İnsanların karşılaştığı karakter değişimini “hayatın izleri,” adı altında takip etmek istedik.
Bu amaçla “Emekli öğretmen” ile söyleşide bulunduk. Öğretmen gençleri, hayat izlerine göre analiz edilebilir olduğunu söyledi.
Bitkilerin çimlenme, çiçeklenme ve meyve verme gibi geçirdiği evrelere benzerini insanlar da geçirirler. Bu evreler meyvenin olgunlaşmasıyla sonuçlanır.
Emekli öğretmene, her zaman olgunlaşmayla sonuçlanmama ne demektir? Diye soruldu.
Öğretmen bazı gençler çimlenme, bazıları da çiçeklenme veya meyve verme gibi evrelerde kalırlar. Yani gençlerden bazıları çiçeklenme ve meyve verme gibi evrelerle ilgili özelliklere ulaşamazlar. İstenmeyen karakterleri taşıyanlar, olgunlaşıp tatlı ve sulu meyve olgunluğunu gösteremezler. Gençlik özelliklerini yıllara rağmen yaşlılığa da aktarmış olsalar da bir türlü olgunlaşma devresini gösteremezler. Bunlar aşırı yıpranmış, çevresel uyarılarda kalmış gençler gibidirler.
“Gençliğinde iyi niyetli olmayanlar, yaşlılıkta da kimsenin gözüne üflemeyecektir.” Gençliğindeki haytalığı ve fesatlığını yaşlılığında da sürdürecektir. Böyle gençler çiçek bile açmazlar ki, birine kokusu ve güzelliği fayda sağlar, diye. Böyle bir gençte hayatın izleri büyük lekeler olarak varlığını devam ettirir.
Bu defa emekli öğretmene gençlerde hayatın izlerinin olumlu yöne değişimine örnek verir misiniz? Diye soruldu.

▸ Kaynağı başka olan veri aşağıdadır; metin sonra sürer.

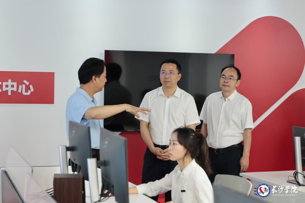 长沙市委组织部副部长、市委编办主任孙进,长沙市委组织部副部长傅永超,长沙市人社局党组成员、副局长邓勇,长沙市教育局党委委员、总督学周灿,长沙市委组织部干部四处处长周智武、高层次人才中心副主任刘行婕,学校党政办、人事处、教务处、科技处等职能部门主要负责人参加调研。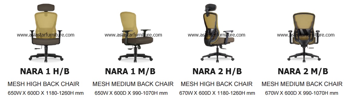 Description : Get the NARA Mesh Chair with High-Density Moulded Foam. NARA 2 features 2D Armrest. Breathable comfort for long hours. Class 4 Gas Lift. Buy from AsiaStar Furniture!

Öğretmen, karanlık dehlizinde insan yüzüne bakamayacak karakterleri sürdüren ve kendini tanıma zahmetinde bulunmayan, kişiliksiz gençlerle de karşılaştım. Bu gençlerde yaş ilerledikçe beden ve ruh çökmüş, insanlıktan nasibini almamış karakterleri değişmemiştir. Bunlarda yaşının verdiği güçsüzlük, tüm yönleriyle belirgindi. Fakat hala kötülüğün peşindeydiler. Bunlar da zamanında çiçek bile açmamıştı.
Gençlerde değişim yeni karakterlerle görünür hale geldiği hiçbir şekilde olmuyor mu?
Emekli öğretmen gençliğin beden ve ruh özelliklerini göstermeyen, yaşlanmış kişiler de aramızda yer alıyor, kendini tanıyor. Başka yaşlılardan da etkilenmiş ve tahmin edilmeyecek kadar, değişik kabiliyetleri ortaya koyuyorlar. Bu kişilerde ise meyve olgunlaşmış, tatlı ve sulu hale gelmiş olabiliyor.
Yaşı ilerlediği halde beklenen olgunluğu gösteremeyenlerle de karşılaşılır. İnsanların bu durumda olması normaldir. Yosunlar ve likenler gibi değişmeden kalabilirler.